* WORK INSTRUCTION:
Produce an exact transcription of the listing below, omitting the pictures.

* THE RECORDS:
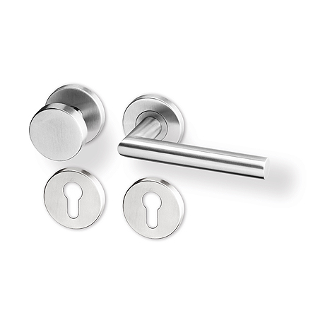 Kování pro dveře s požadavky na protipožární ochranu dle ČSN. 9mm čtyřhran, tělo z ocelového jádra. Materiál: nerez třídy AISI 304.
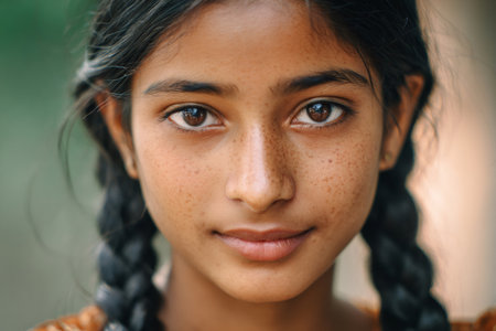 Young Indian girl with dark hair and freckled skin looking directly into the camera
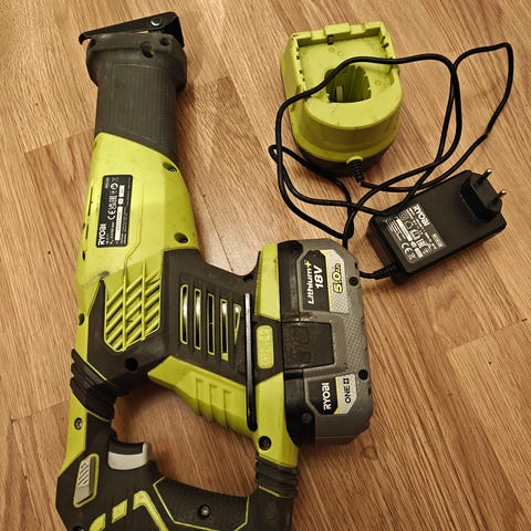 Ryobi One+ RRS1801M såg med två batterier. Sågen är batteridriven och levereras med två batterier för användning. Passar för olika sågjobb där batteridriven såg krävs.
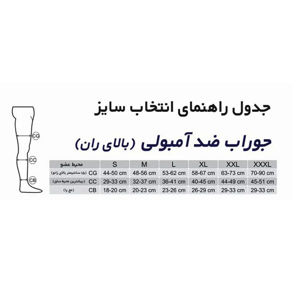 جدول مشخصات جوراب ضد آمبولی بلند طب و صنعت مدل 75100 – بالای ران
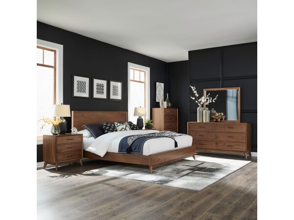 This Queen platform bed set includes a dresser, mirror, and chest, featuring a low-profile bed that requires no box spring. Storage pieces are equipped with bronze bar pull hardware, metal drawer guides, and premium felt and cedar lined drawers.

* OUTPUT BELOW:
 Kování pro dveře s požadavky na protipožární ochranu dle ČSN. 9mm čtyřhran, tělo z ocelového jádra. Materiál: nerez třídy AISI 304.
 Young Indian girl with dark hair and freckled skin looking directly into the camera
 Ryobi One+ RRS1801M såg med två batterier. Sågen är batteridriven och levereras med två batterier för användning. Passar för olika sågjobb där batteridriven såg krävs.
 جدول مشخصات جوراب ضد آمبولی بلند طب و صنعت مدل 75100 – بالای ران
 This Queen platform bed set includes a dresser, mirror, and chest, featuring a low-profile bed that requires no box spring. Storage pieces are equipped with bronze bar pull hardware, metal drawer guides, and premium felt and cedar lined drawers.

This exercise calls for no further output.